What the task requires: When you reach the line containing "Den Knoblauch kurz" in the entries below, begin reproducing lines exactly, and stop once the line containing "武道館前を通り、田安門から出" is done.
*** Data extract ***
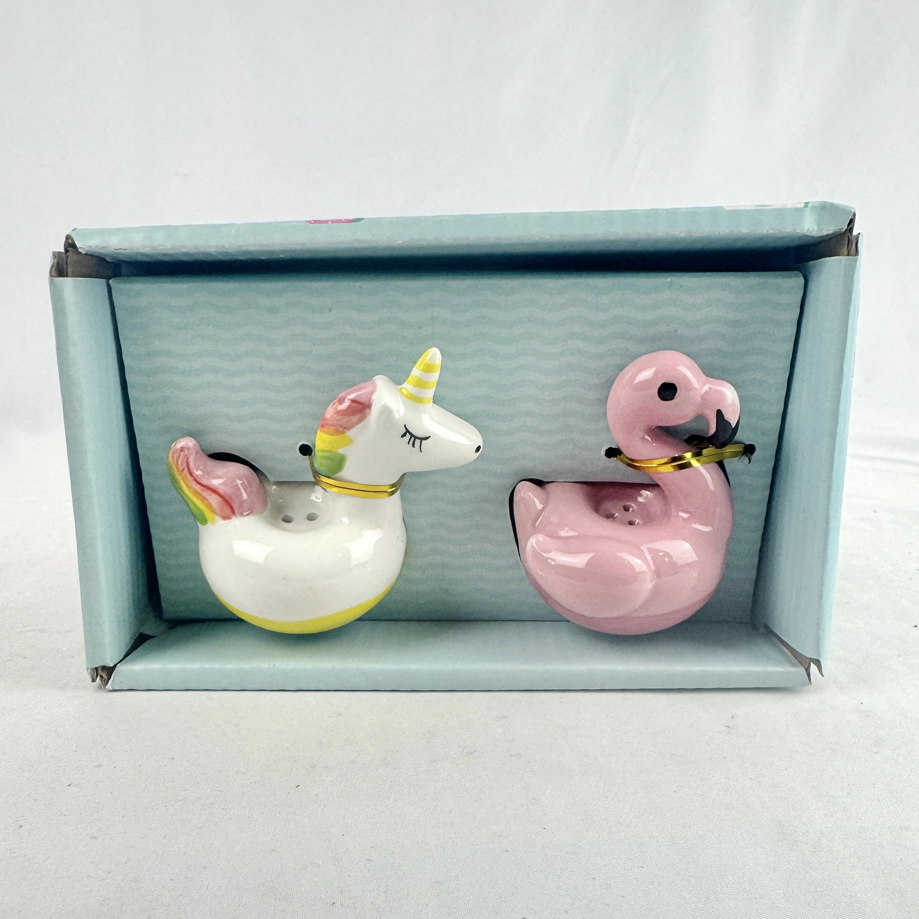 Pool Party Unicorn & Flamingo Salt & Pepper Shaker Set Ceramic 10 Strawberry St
***
*** Data extract ***
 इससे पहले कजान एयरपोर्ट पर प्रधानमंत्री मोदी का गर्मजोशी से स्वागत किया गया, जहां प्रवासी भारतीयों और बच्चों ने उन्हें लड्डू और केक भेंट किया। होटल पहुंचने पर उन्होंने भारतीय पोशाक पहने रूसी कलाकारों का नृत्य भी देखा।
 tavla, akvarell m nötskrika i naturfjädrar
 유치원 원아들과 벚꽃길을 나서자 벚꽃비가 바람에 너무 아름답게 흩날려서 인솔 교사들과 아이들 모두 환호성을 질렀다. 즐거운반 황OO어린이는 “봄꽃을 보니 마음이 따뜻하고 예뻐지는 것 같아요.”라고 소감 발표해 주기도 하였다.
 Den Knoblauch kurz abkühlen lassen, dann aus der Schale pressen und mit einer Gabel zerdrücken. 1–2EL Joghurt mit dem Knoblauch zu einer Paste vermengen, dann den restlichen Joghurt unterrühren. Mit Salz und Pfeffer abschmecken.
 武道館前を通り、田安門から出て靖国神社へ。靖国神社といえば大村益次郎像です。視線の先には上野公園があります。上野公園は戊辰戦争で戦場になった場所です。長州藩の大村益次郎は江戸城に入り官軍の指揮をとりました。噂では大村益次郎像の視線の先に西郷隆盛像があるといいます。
***
*** Data extract ***
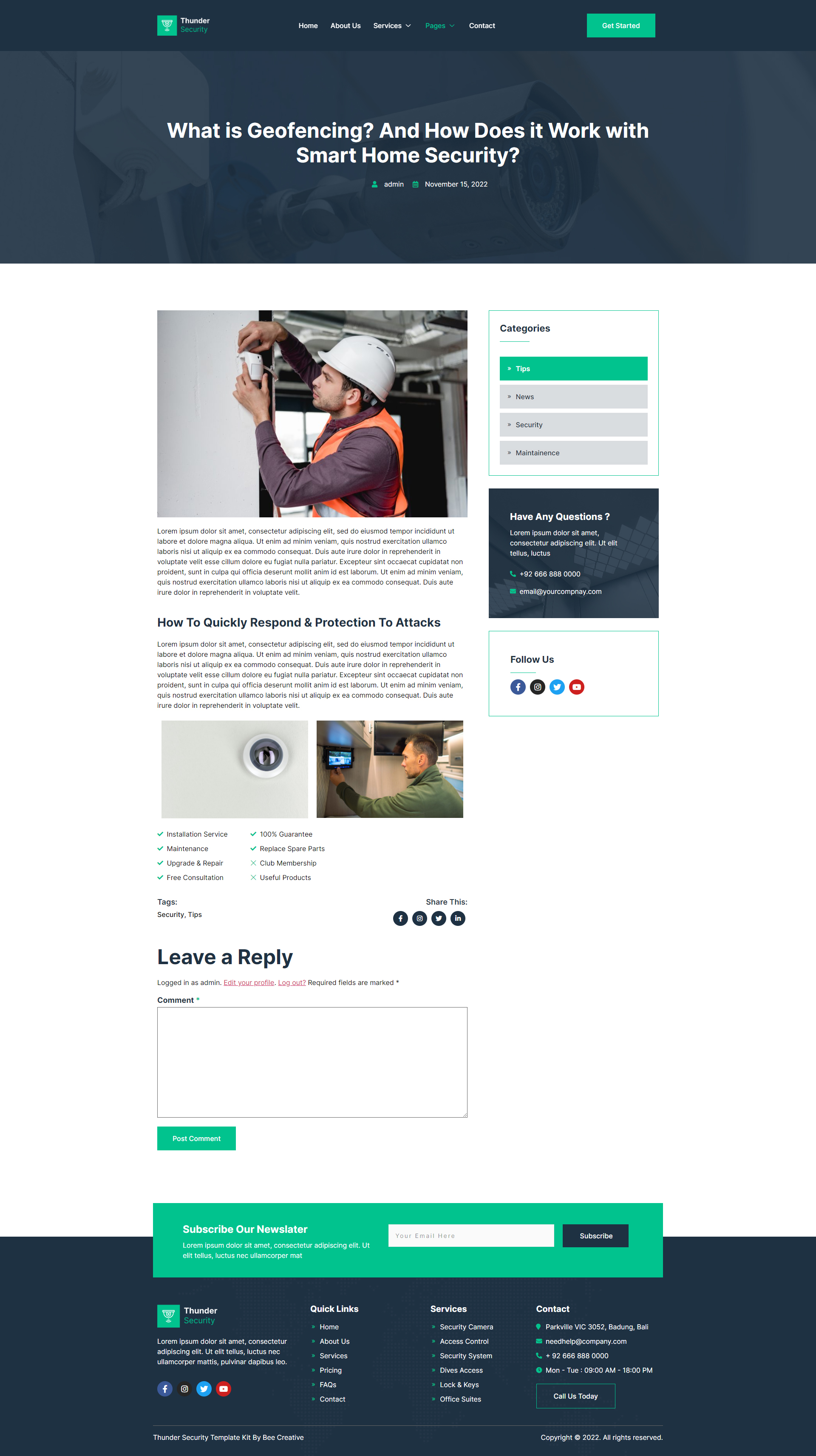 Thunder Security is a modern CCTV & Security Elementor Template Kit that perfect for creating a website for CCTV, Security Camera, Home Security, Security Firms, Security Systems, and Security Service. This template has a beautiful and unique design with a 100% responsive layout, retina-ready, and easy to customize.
***
Result for this task:
 Den Knoblauch kurz abkühlen lassen, dann aus der Schale pressen und mit einer Gabel zerdrücken. 1–2EL Joghurt mit dem Knoblauch zu einer Paste vermengen, dann den restlichen Joghurt unterrühren. Mit Salz und Pfeffer abschmecken.
 武道館前を通り、田安門から出て靖国神社へ。靖国神社といえば大村益次郎像です。視線の先には上野公園があります。上野公園は戊辰戦争で戦場になった場所です。長州藩の大村益次郎は江戸城に入り官軍の指揮をとりました。噂では大村益次郎像の視線の先に西郷隆盛像があるといいます。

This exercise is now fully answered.